Below this task are records; return each one exactly and omit its images.

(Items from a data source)
══════════
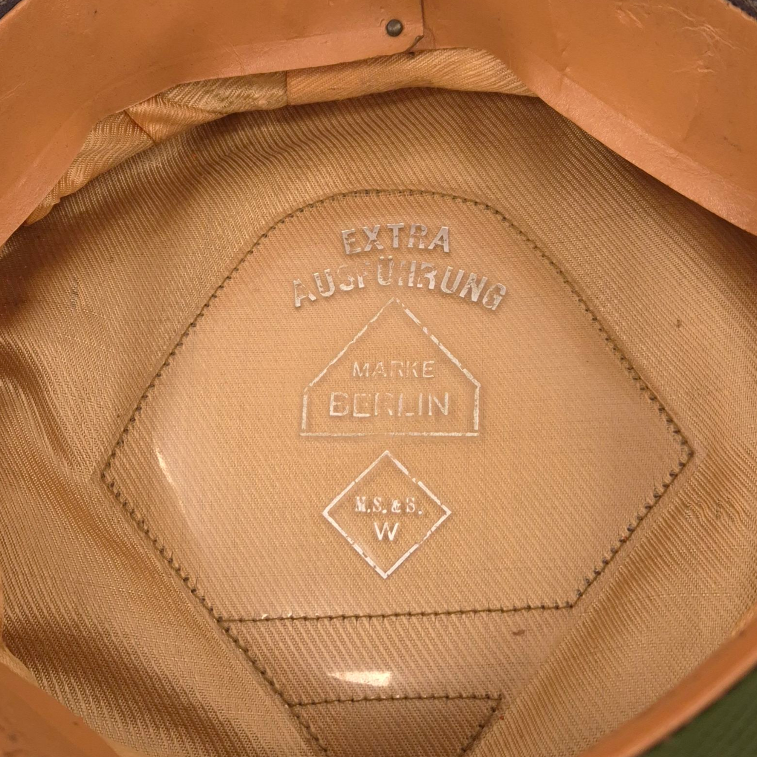 Original WWII Luftwaffe Flight/Fallschirmjäger EM/NCO’s visor cap (Schirmmütze). This is a privately purchased example, complete with its sweat diamond and clearly maker-marked: Extra Ausführung, Marke Berlin, M.S.&S. W (Marie Slama & Sohn, Wien). The cap is not size-marked. It features the yellow Truppenfarbe (branch colour) for paratrooper (Fallschirmjäger) and/or flight personnel (Fliegendes Personal). The leather sweatband remains in very good condition. The cap is complete with its original cap eagle and early aluminum cockade. The simulated-leather chinstrap is well-preserved. The cap shows minimal traces of wear and is in overall near-mint condition, with the exception of one small moth nip on the reverse. A very fine and attractive original Luftwaffe visor cap.
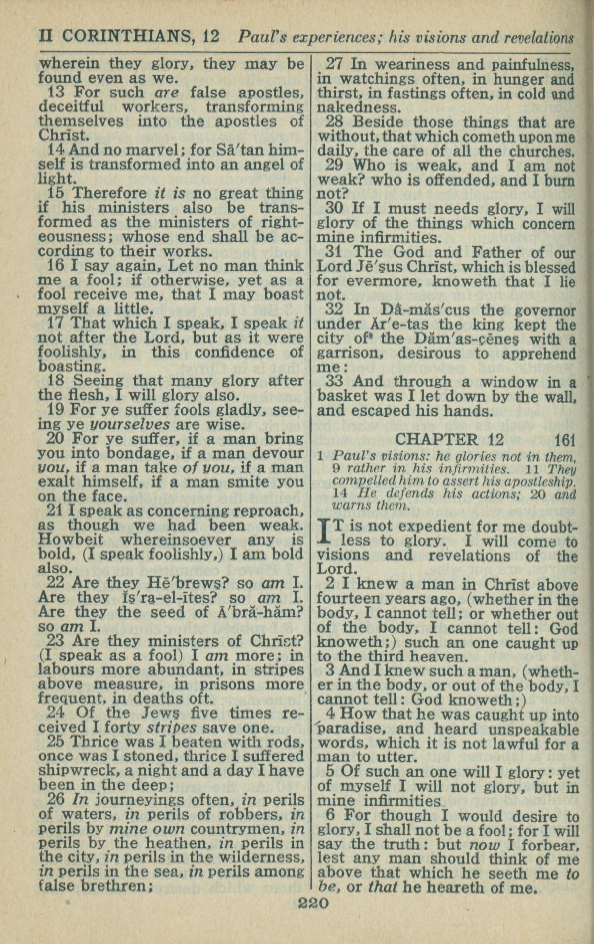 1946年King James Version 哥林多后书 11 章 13 节到 12 章 6 节
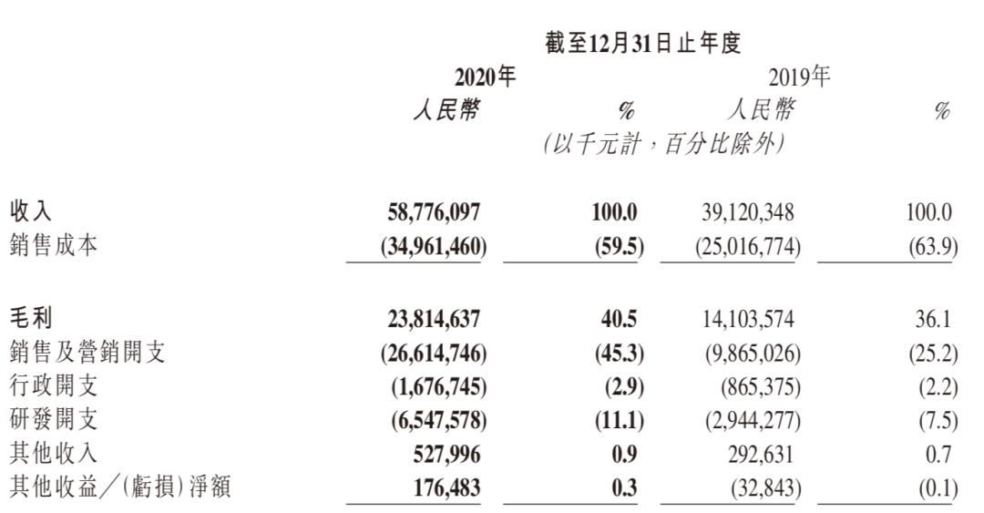 另一方面,随着直播行业竞争加剧,获客和促活的成本提升,快手加大了营销和研发方面的支出,去年一整年的支出分别为266亿元和65亿元。财报称,这两类扩张性的投入或许间接让快手首次出现103.2亿元的经营亏损。而2019年,这两方面的开支仅为98.7亿元和29.4亿元。
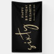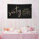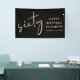 Banner de la fiesta de cumpleaños número 60 negro de moda y cartel de bienvenida que muestra "sesenta" exhibidos en un gran guión de oro y tu nombre y la fecha en letras de oro modernas.
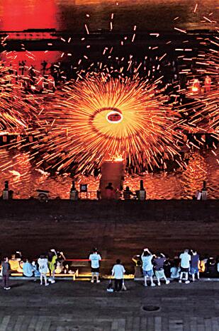 湖南长沙铜官窑国风乐园内,游客在观看“打铁花”表演。新华社发
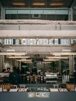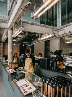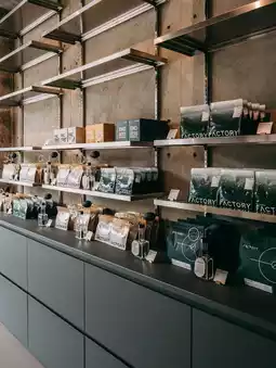 When you enter Factory Coffee, you will be immediately attracted by the rich aroma of coffee. The store's interior design adopts an industrial style, creating a simple and modern atmosphere. The location of the cafe is right next to BTS Phaya Thai station, with very convenient transportation.
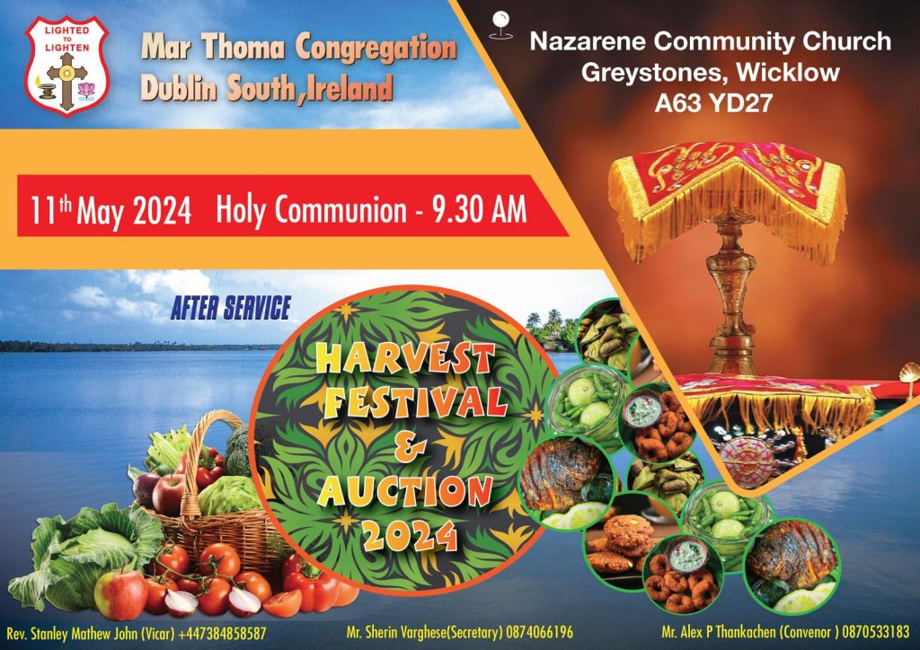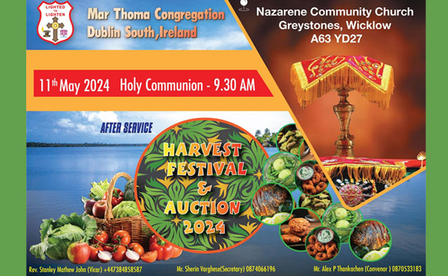 ഡബ്ലിന് സൗത്ത് മാർത്തോമ്മാ കോണ്ഗ്രഗേഷന്റെ ആഭിമുഖ്യത്തില് നടക്കുന്ന ഈ വര്ഷത്തെ ‘കൊയ്ത്തുത്സവം’ മെയ് 11 ശനിയാഴ്ച. രാവിലെ 9.30-ന് വിക്ക്ലോയിലെ ഗ്രേസ്റ്റോണിലുള്ള (A63 YD27) Nazarene Community Church-ല് നടക്കുന്ന വിശുദ്ധ കുര്ബാനയ്ക്ക് ശേഷം പരിപാടികള്ക്ക് തുടക്കമാകും.
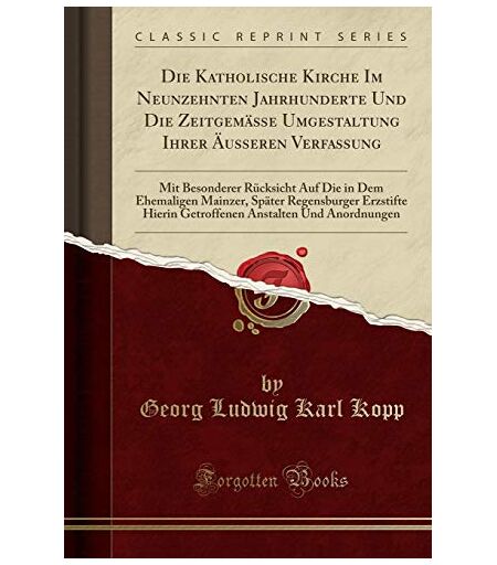 Kopp, Georg Ludwig Karl - Die Katholische Kirche Im Neunzehnten Jahrhunderte Und Die Zeitgemäße Umgestaltung Ihrer Äusseren Verfassung: Mit Besonderer Rücksicht Auf Die in Dem ... Hierin Getroffenen Anstalten Und Anordnungen - Preis vom 18.09.2025 05:07:4
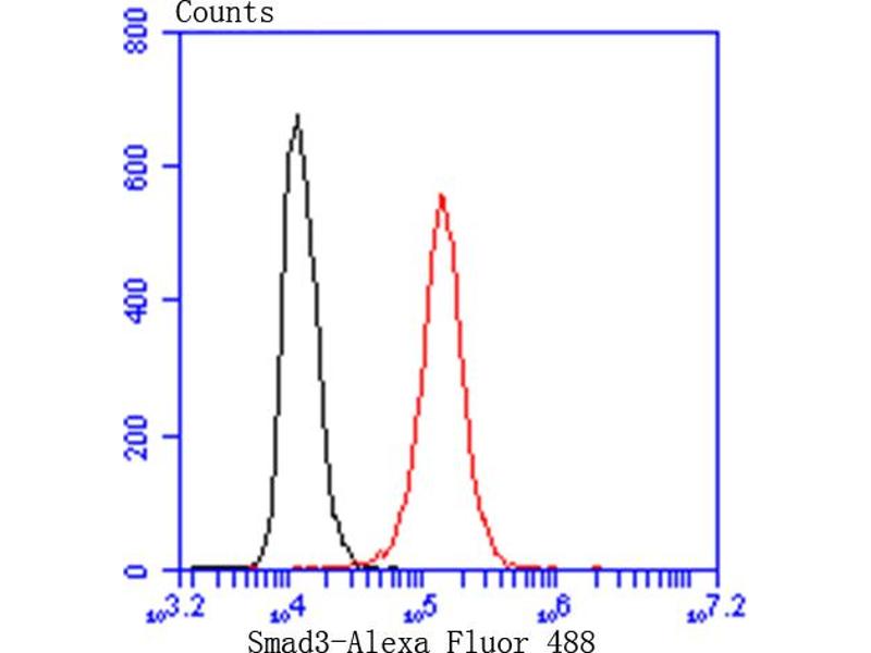 Background: Smad3 is a 50 kDa member of a family of proteins that act as key mediators of TGF beta superfamily signaling in cell proliferation, differentiation and development. The Smad family is divided into three subclasses: receptor regulated Smads, activin/TGF beta receptor regulated (Smad2 and 3) or BMP receptor regulated (Smad 1, 5, and 8), the common partner, (Smad4) that functions via its interaction to the various Smads, and the inhibitory Smads, (Smad6 and 7). Activated Smad3 oligomerizes with Smad4 upon TGF beta stimulation and translocates as a complex into the nucleus, allowing its binding to DNA and transcription factors. Phosphorylation of the two TGF beta dependent serines 423 and 425 in the C terminus of Smad3 is critical for Smad3 transcriptional activity and TGF beta signaling.
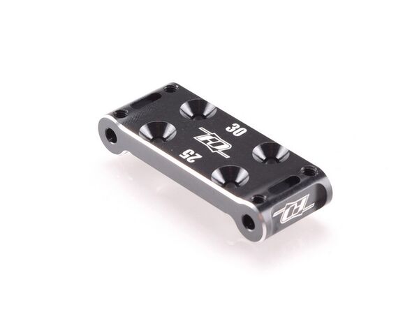 Revolution Design Racing Products' Aluminium Steering Rack was designed to replace the standard part with a more sturdy and durable item. The rack is machined from 7075-T6 aluminium and it comes black or blue anodised for wear and looks. On top of this does a machined silver edge detail let the part stand out while matching its visual appearance with the remainder of RDRP's Team Associated series option parts. The steering rack is a direct replacement and used solely or in combination with RDRP's Aluminium Steering Bellcranks, it makes for improved steering response when running in high-bite track conditions
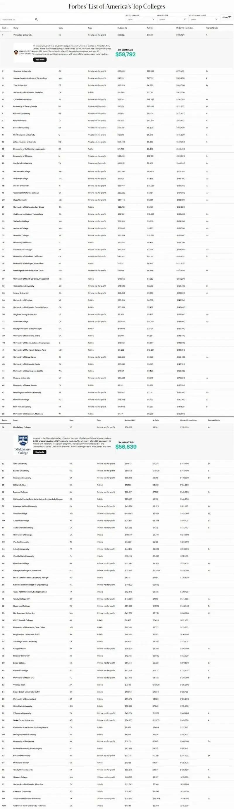 可以看到,这些指标不仅旨在评估学校的学术质量,还关注毕业生的长期发展。福布斯是举世闻名的商业杂志,其每年推出的世界亿万富豪排名都能引发全球的目光聚焦。作为商业杂志,它在进行排名时,标准自然是建立在商业价值以及投资回报率之上的。对于那些关注性价比和投资回报的学生而言,《福布斯》的美国大学排名就具有较大的参考价值,从而做出最符合自身需求的选择。
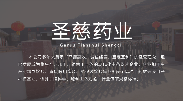 甘肅天水圣慈藥業(yè)有限公司成立于2016年11月8日,注冊資本500萬元,位于甘肅省天水市張川回族自治縣張川鎮中城南路,本公司多年秉承“嚴謹高效、誠信經營、互贏互利”的經營理念,現已發(fā)展成為集生產、加工、銷售于一體的現代化中藥飲片企業(yè)。企業(yè)加工生產的精制飲片、直接服用飲片、小包裝飲片等100多個品種,藥材來源自產種植基地、檢測手段科學、炮制工藝規(guī)范、計量包裝規(guī)格標準。
══════════
→ Task result:
 Original WWII Luftwaffe Flight/Fallschirmjäger EM/NCO’s visor cap (Schirmmütze). This is a privately purchased example, complete with its sweat diamond and clearly maker-marked: Extra Ausführung, Marke Berlin, M.S.&S. W (Marie Slama & Sohn, Wien). The cap is not size-marked. It features the yellow Truppenfarbe (branch colour) for paratrooper (Fallschirmjäger) and/or flight personnel (Fliegendes Personal). The leather sweatband remains in very good condition. The cap is complete with its original cap eagle and early aluminum cockade. The simulated-leather chinstrap is well-preserved. The cap shows minimal traces of wear and is in overall near-mint condition, with the exception of one small moth nip on the reverse. A very fine and attractive original Luftwaffe visor cap.
 1946年King James Version 哥林多后书 11 章 13 节到 12 章 6 节
 另一方面,随着直播行业竞争加剧,获客和促活的成本提升,快手加大了营销和研发方面的支出,去年一整年的支出分别为266亿元和65亿元。财报称,这两类扩张性的投入或许间接让快手首次出现103.2亿元的经营亏损。而2019年,这两方面的开支仅为98.7亿元和29.4亿元。
 Banner de la fiesta de cumpleaños número 60 negro de moda y cartel de bienvenida que muestra "sesenta" exhibidos en un gran guión de oro y tu nombre y la fecha en letras de oro modernas.
 湖南长沙铜官窑国风乐园内,游客在观看“打铁花”表演。新华社发
 When you enter Factory Coffee, you will be immediately attracted by the rich aroma of coffee. The store's interior design adopts an industrial style, creating a simple and modern atmosphere. The location of the cafe is right next to BTS Phaya Thai station, with very convenient transportation.
 ഡബ്ലിന് സൗത്ത് മാർത്തോമ്മാ കോണ്ഗ്രഗേഷന്റെ ആഭിമുഖ്യത്തില് നടക്കുന്ന ഈ വര്ഷത്തെ ‘കൊയ്ത്തുത്സവം’ മെയ് 11 ശനിയാഴ്ച. രാവിലെ 9.30-ന് വിക്ക്ലോയിലെ ഗ്രേസ്റ്റോണിലുള്ള (A63 YD27) Nazarene Community Church-ല് നടക്കുന്ന വിശുദ്ധ കുര്ബാനയ്ക്ക് ശേഷം പരിപാടികള്ക്ക് തുടക്കമാകും.
 Kopp, Georg Ludwig Karl - Die Katholische Kirche Im Neunzehnten Jahrhunderte Und Die Zeitgemäße Umgestaltung Ihrer Äusseren Verfassung: Mit Besonderer Rücksicht Auf Die in Dem ... Hierin Getroffenen Anstalten Und Anordnungen - Preis vom 18.09.2025 05:07:4
 Background: Smad3 is a 50 kDa member of a family of proteins that act as key mediators of TGF beta superfamily signaling in cell proliferation, differentiation and development. The Smad family is divided into three subclasses: receptor regulated Smads, activin/TGF beta receptor regulated (Smad2 and 3) or BMP receptor regulated (Smad 1, 5, and 8), the common partner, (Smad4) that functions via its interaction to the various Smads, and the inhibitory Smads, (Smad6 and 7). Activated Smad3 oligomerizes with Smad4 upon TGF beta stimulation and translocates as a complex into the nucleus, allowing its binding to DNA and transcription factors. Phosphorylation of the two TGF beta dependent serines 423 and 425 in the C terminus of Smad3 is critical for Smad3 transcriptional activity and TGF beta signaling.
 Revolution Design Racing Products' Aluminium Steering Rack was designed to replace the standard part with a more sturdy and durable item. The rack is machined from 7075-T6 aluminium and it comes black or blue anodised for wear and looks. On top of this does a machined silver edge detail let the part stand out while matching its visual appearance with the remainder of RDRP's Team Associated series option parts. The steering rack is a direct replacement and used solely or in combination with RDRP's Aluminium Steering Bellcranks, it makes for improved steering response when running in high-bite track conditions
 可以看到,这些指标不仅旨在评估学校的学术质量,还关注毕业生的长期发展。福布斯是举世闻名的商业杂志,其每年推出的世界亿万富豪排名都能引发全球的目光聚焦。作为商业杂志,它在进行排名时,标准自然是建立在商业价值以及投资回报率之上的。对于那些关注性价比和投资回报的学生而言,《福布斯》的美国大学排名就具有较大的参考价值,从而做出最符合自身需求的选择。
 甘肅天水圣慈藥業(yè)有限公司成立于2016年11月8日,注冊資本500萬元,位于甘肅省天水市張川回族自治縣張川鎮中城南路,本公司多年秉承“嚴謹高效、誠信經營、互贏互利”的經營理念,現已發(fā)展成為集生產、加工、銷售于一體的現代化中藥飲片企業(yè)。企業(yè)加工生產的精制飲片、直接服用飲片、小包裝飲片等100多個品種,藥材來源自產種植基地、檢測手段科學、炮制工藝規(guī)范、計量包裝規(guī)格標準。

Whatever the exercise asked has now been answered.